> Try it
For the data below, give again exactly the lines from the one containing "Il cortile, definito" through the one containing "Previous Image Next", both ends included, and no others.

> Given data
-.-.-
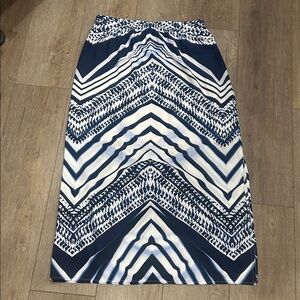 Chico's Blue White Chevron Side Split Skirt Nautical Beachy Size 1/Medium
-.-.-
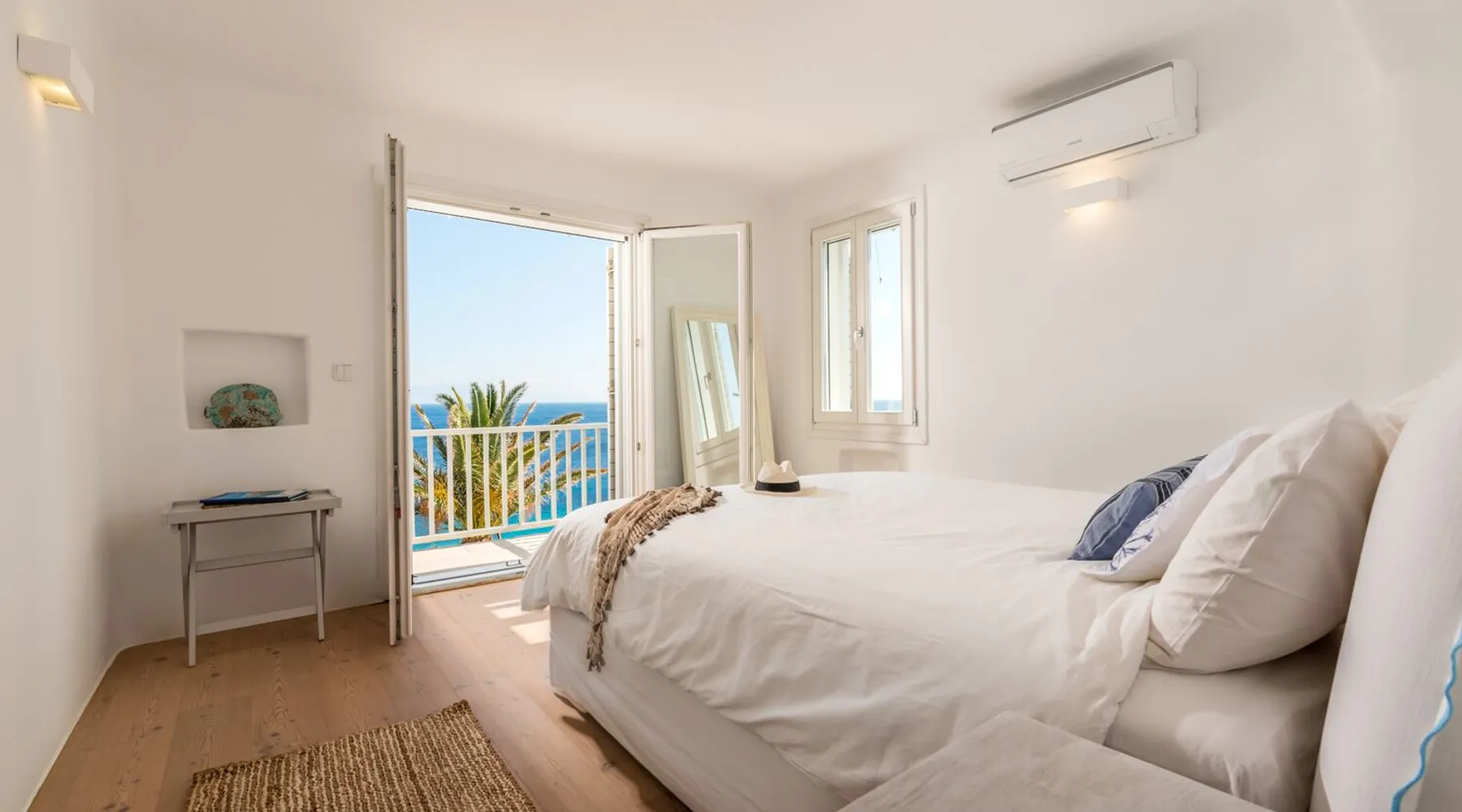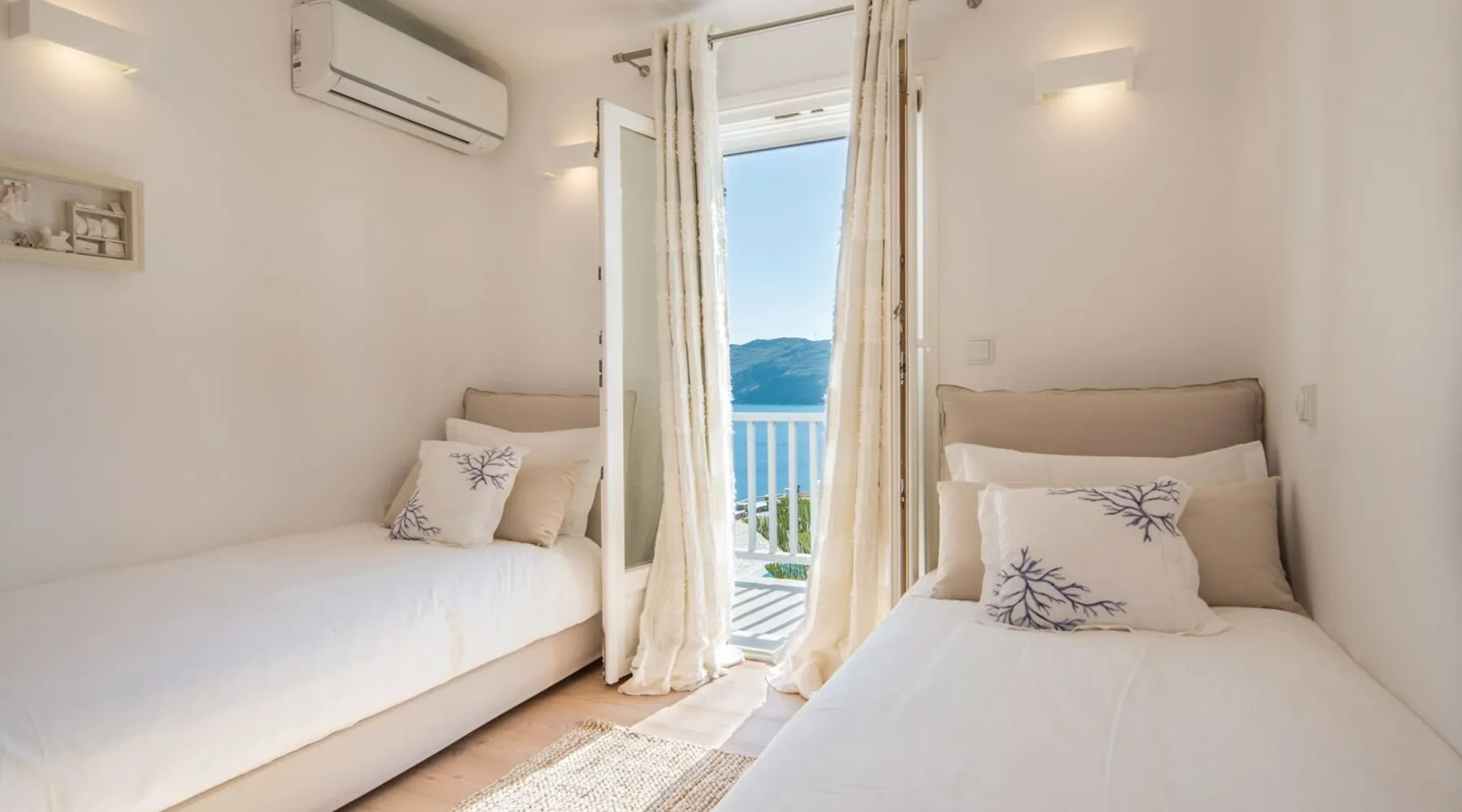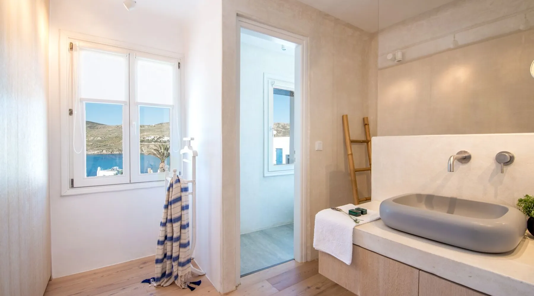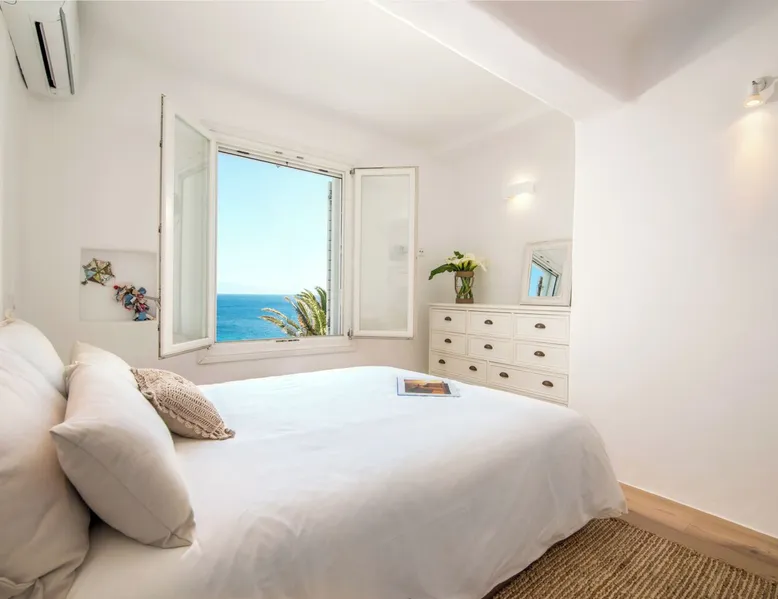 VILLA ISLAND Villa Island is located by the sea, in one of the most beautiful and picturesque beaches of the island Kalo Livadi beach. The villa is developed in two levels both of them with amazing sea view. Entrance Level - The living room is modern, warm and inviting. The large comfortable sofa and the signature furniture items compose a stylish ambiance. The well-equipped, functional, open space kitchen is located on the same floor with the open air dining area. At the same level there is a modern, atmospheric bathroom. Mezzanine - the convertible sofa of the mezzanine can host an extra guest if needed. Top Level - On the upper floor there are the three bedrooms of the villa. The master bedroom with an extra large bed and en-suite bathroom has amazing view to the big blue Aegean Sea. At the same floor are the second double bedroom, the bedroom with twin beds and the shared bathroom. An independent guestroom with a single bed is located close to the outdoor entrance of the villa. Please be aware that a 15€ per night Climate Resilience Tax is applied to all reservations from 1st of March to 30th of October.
-.-.-
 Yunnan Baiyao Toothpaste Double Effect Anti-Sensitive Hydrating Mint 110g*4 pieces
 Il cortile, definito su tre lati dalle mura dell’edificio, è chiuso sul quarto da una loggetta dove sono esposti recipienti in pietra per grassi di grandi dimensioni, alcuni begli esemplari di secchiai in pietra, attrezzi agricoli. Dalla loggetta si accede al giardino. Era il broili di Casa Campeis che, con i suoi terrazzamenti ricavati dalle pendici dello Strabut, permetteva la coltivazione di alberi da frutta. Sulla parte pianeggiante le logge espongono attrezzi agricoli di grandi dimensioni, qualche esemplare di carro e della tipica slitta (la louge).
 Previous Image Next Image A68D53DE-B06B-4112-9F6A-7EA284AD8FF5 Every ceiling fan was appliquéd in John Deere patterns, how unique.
-.-.-
> Answer to the problem
 Il cortile, definito su tre lati dalle mura dell’edificio, è chiuso sul quarto da una loggetta dove sono esposti recipienti in pietra per grassi di grandi dimensioni, alcuni begli esemplari di secchiai in pietra, attrezzi agricoli. Dalla loggetta si accede al giardino. Era il broili di Casa Campeis che, con i suoi terrazzamenti ricavati dalle pendici dello Strabut, permetteva la coltivazione di alberi da frutta. Sulla parte pianeggiante le logge espongono attrezzi agricoli di grandi dimensioni, qualche esemplare di carro e della tipica slitta (la louge).
 Previous Image Next Image A68D53DE-B06B-4112-9F6A-7EA284AD8FF5 Every ceiling fan was appliquéd in John Deere patterns, how unique.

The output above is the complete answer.